The 154th Ohio Infantry Regiment, sometimes 154th Ohio Volunteer Infantry (or 154th OVI) was an infantry regiment in the Union Army during the American Civil War.

Service
The 154th Ohio Infantry was organized at Camp Dennison near Cincinnati, Ohio, and mustered in May 8, 1864, for 100 days service under the command of Colonel Robert Stevenson.

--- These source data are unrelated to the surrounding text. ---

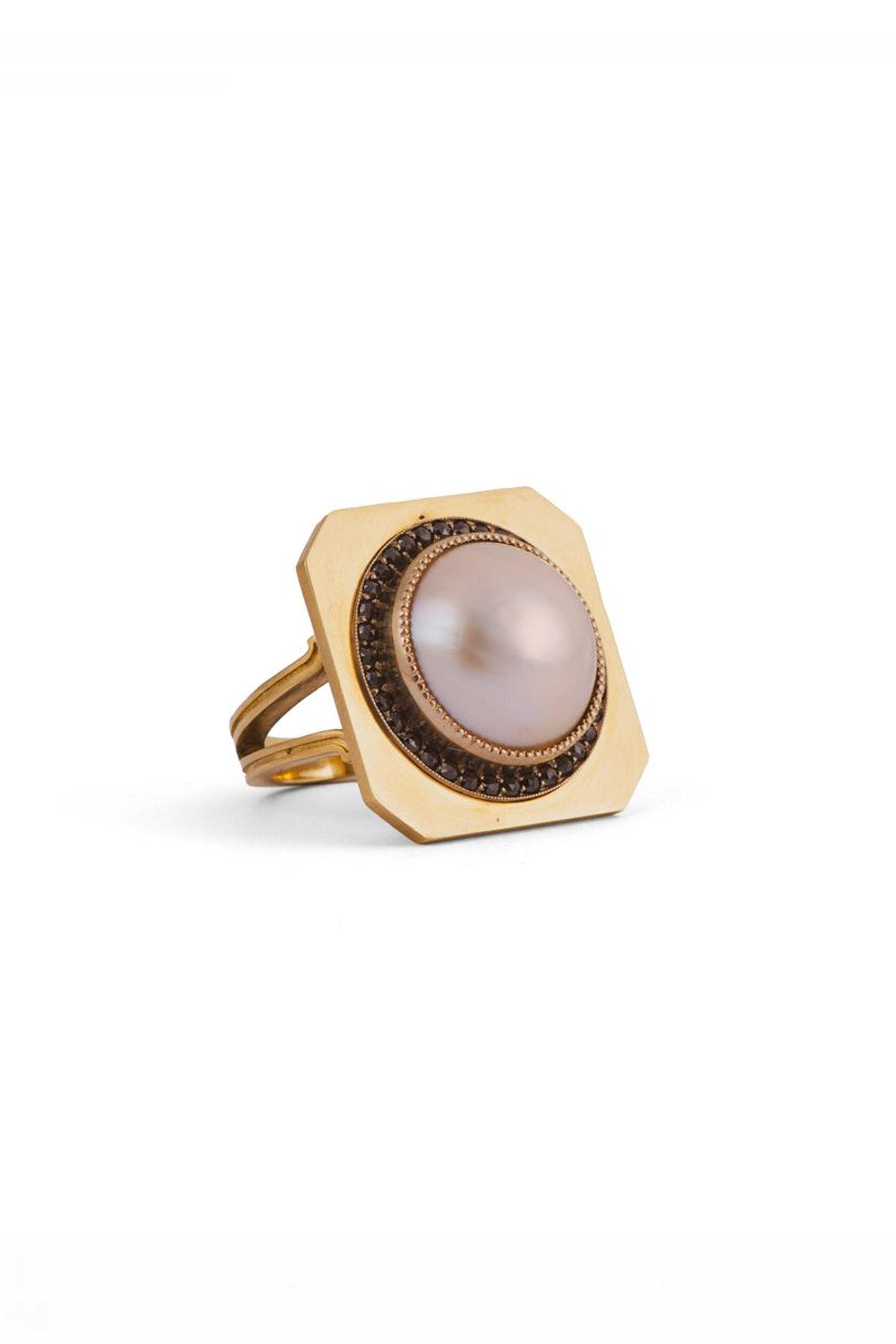 18k yellow gold. 18k white gold. Diamond 0.56 total carat weight. Black diamond. Cabochon pearl. Brushed gold design. Black diamond halo. Octagon design. Prong setting. Made in the USA. Call for ring size.
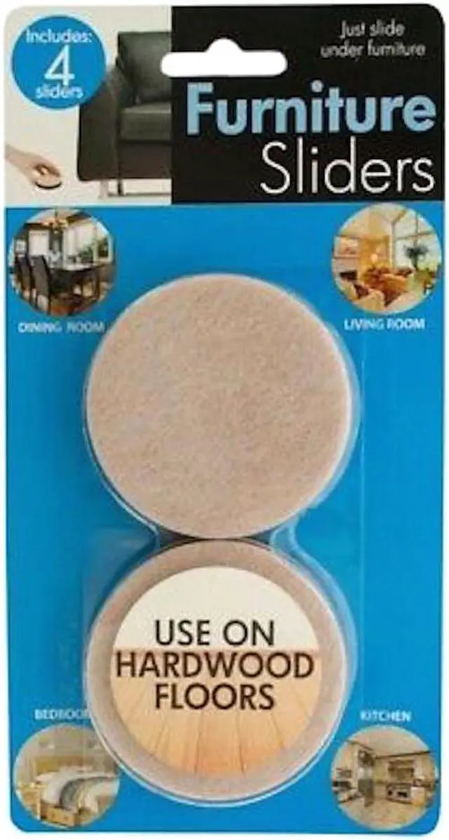 Protect floors from scratches and damage with this 4-piece Large Furniture Sliders Set featuring round layered felt and foam sliders that work on carpet and tiles and make moving heavy objects easy. Each slider measures approximately 2.5" in diameter.
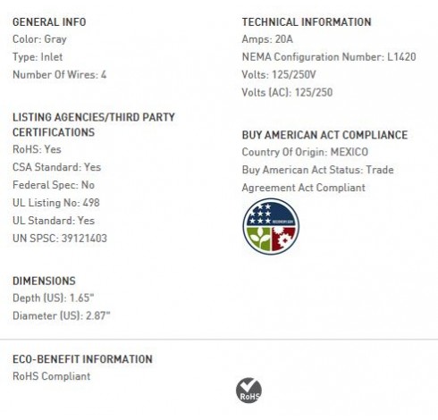 20 AMP L1420 FLANGED INLET, GRAY
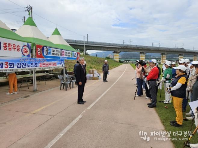 파이낸셜대구경북 강대산 기자 | 김천시는 대한노인회 김천시지회 주관으로 23일, 파크골프 선수와 심판, 운영위원 60여 명이 참석한 가운데 김천파크골프장에서 『김천시 노인회 파크골프대회』를 개최했다.
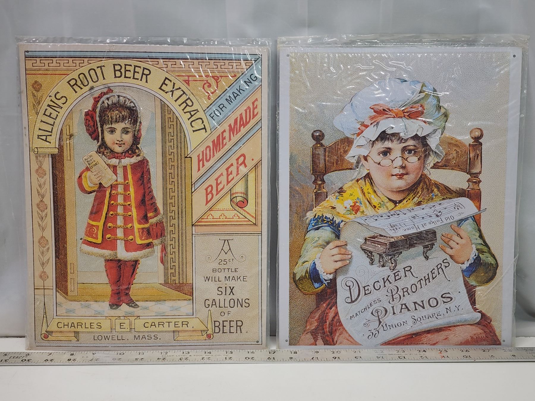 2 Tin advertisement signs - "Decker Brothers Pianos" & "Allen's Root beer"
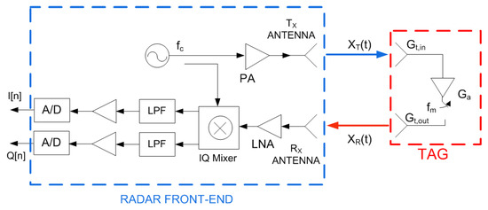 - A modified and improved version of the tag designed in [23,25] is used to obtain the experimental results. Here, the tag includes a Monolithic Microwave Integrated Circuit (MMIC) amplifier, which allows for increasing the amplitude of the backscattered signal, making tag detection easier in environments with high clutter;
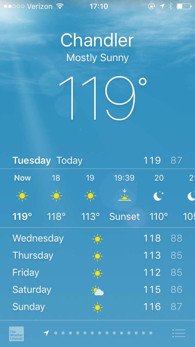 So last year, we did a blog post on the heat, as it’s what Arizona is known for. The hottest day of the year so far happened to coincide with the first day of summer in Arizona, which for time zone reasons happened the day before it happened in much of the rest of the country and Britain. And I am sure of this, as Google tells me so:
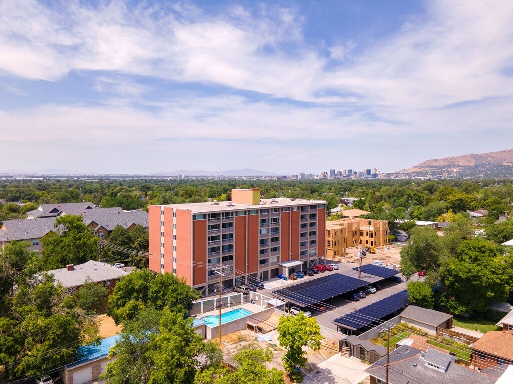 Located in the heart of Sugarhouse, one of Salt Lake’s most popular neighborhoods, Irving Heights is a luxury 7 story building with great views of the mountains to the east and the Salt Lake skyline to the west. Irving Heights is within walking distance of grocery stores, retail shops, great restaurants and coffee shops. With the freeway access so close, Irving Heights is minutes from downtown or the mountains. Some of the amenities at Irving Heights include: controlled access doors with an electric key system, an onsite laundry facility which is open 24/7, an outdoor swimming pool opened during the summer, online rent pay, and recycling; we even offer glass recycling.
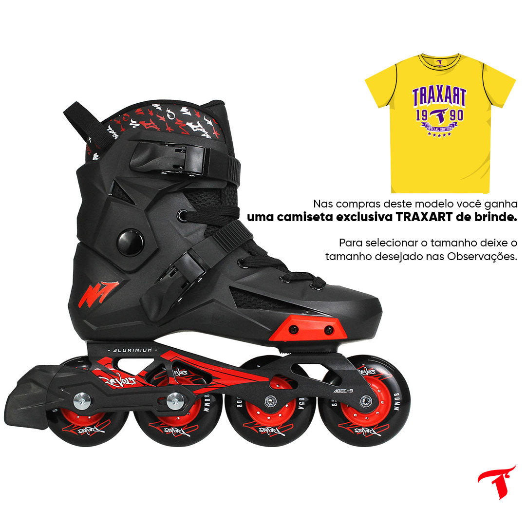 O modelo Revolt é um patins de bota rígida com design arrojado, ideal para a prática do urban. Conta com protetor para slide, sistema de absorção de impacto no calcanhar e bota interna acolchoada para maior conforto. Possui três tipos de fechamento (trava superior, cadarço e trava central) para mais firmeza. A base é de alumínio universal, as rodas são de PU 80mm, dureza 85A e cubo fechado, com rolamentos ABEC-9 que garantem maior velocidade.
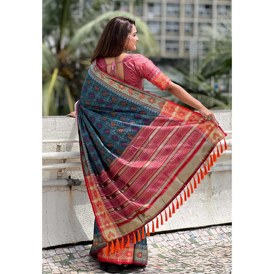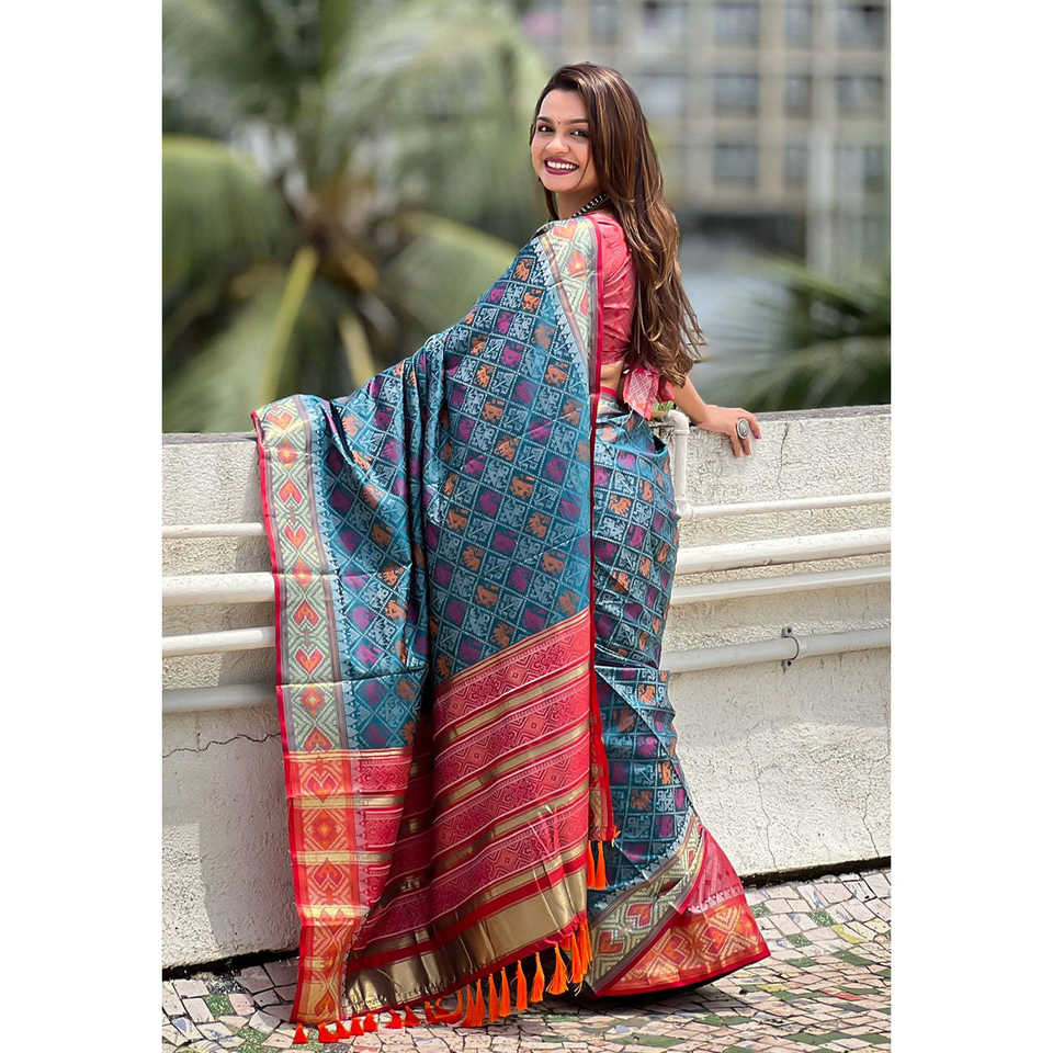 ผ้าไหมพิมพ์ลายมีนาคารีสีน้ำเงินเดนิมเนื้อนุ่มแบบอีลิทวีฟส์ ผ้าซารีทอแบบซารี ชุดราตรีสุดหรู
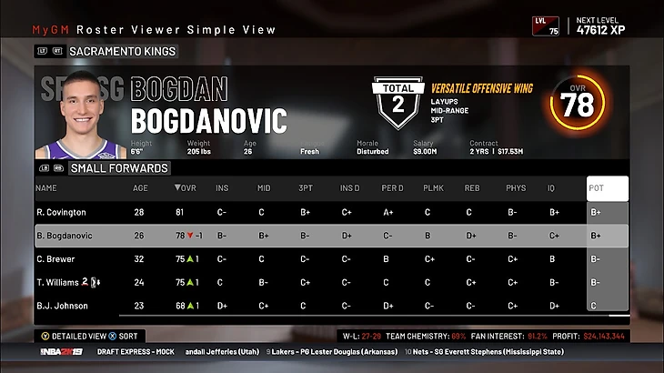 Вот с легкими форвардами сложнее: Ковингтон сейчас основной, но года через 2-3 уже сдаст позиции, Богданович мне абсолютно не нравится и он у меня первый кандидат на обмен (для его 26 лет уже поздно прогрессировать), про Брюэра я уже сказал все, а остальные двое мне не очень нужны. Поэтому план максимум – в лотерее драфта забраться высоко и выбрать хорошего форварда. Или попытать счастья на рынке СА.
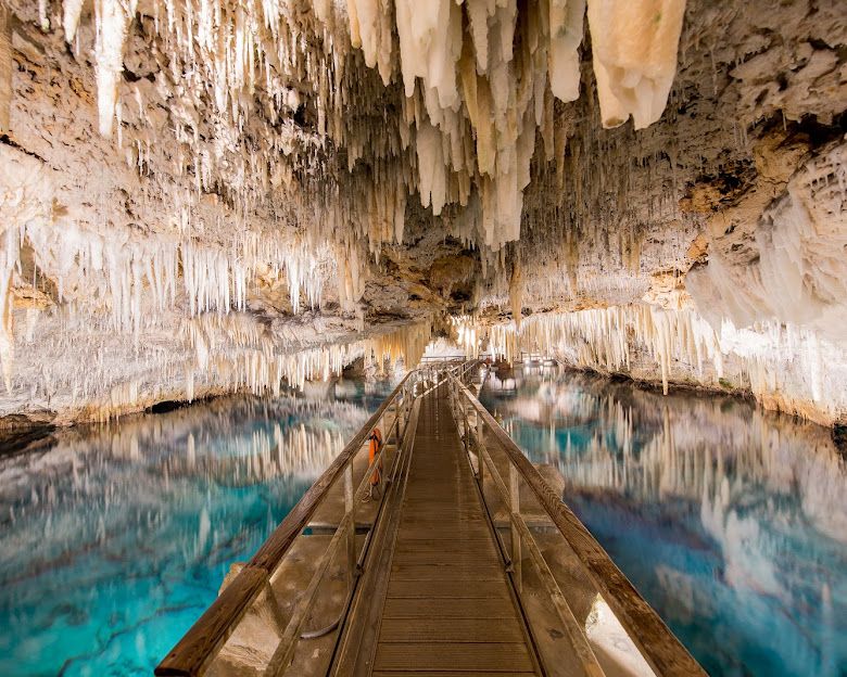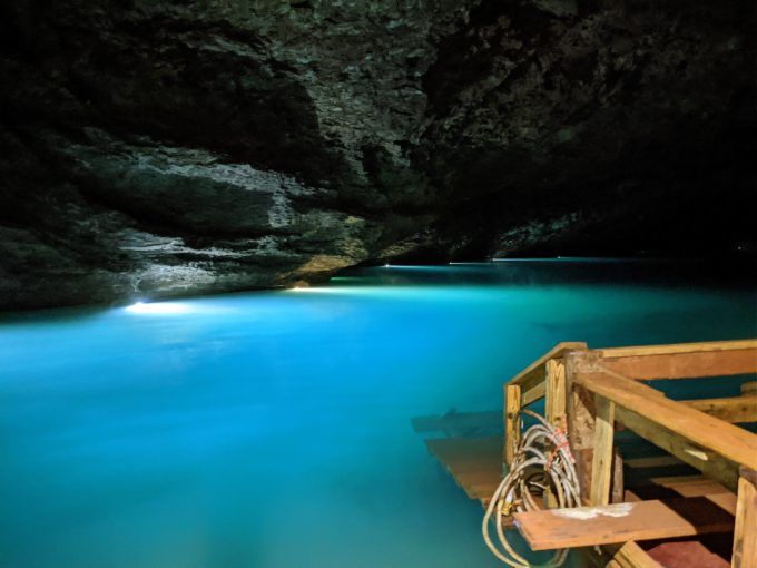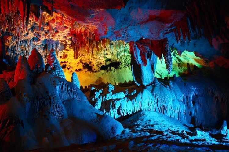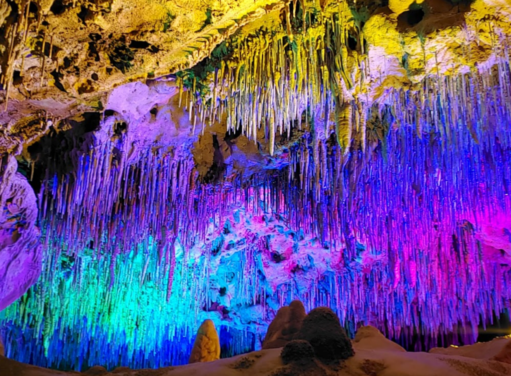 Down below was a deep, crystal-clear, blue-green lake. Up above, there were stalactites of shimmering, clear white quartz. As we got closer to the other side of the bridge, we saw more stalactites. Stalactites of every color of the rainbow: purple, pink, blue, and white.

The regiment left Ohio for New Creek, West Virginia, May 12. It served guard and picket duty at New Creek until May 29. (Company F detached at Piedmont May 22 to August 22.) It moved to Greenland Gap May 29 and was involved in a skirmish near Moorefield June 4. (One company detached at Youghiogheny Bridge until July 25.) The regiment engaged in numerous scouting expeditions until July 25 when it moved to New Creek. After action at New Creek August 4, it moved to Camp Chase, Columbus, Ohio, August 10 to guard prisoners. It then moved to Camp Dennison August 22.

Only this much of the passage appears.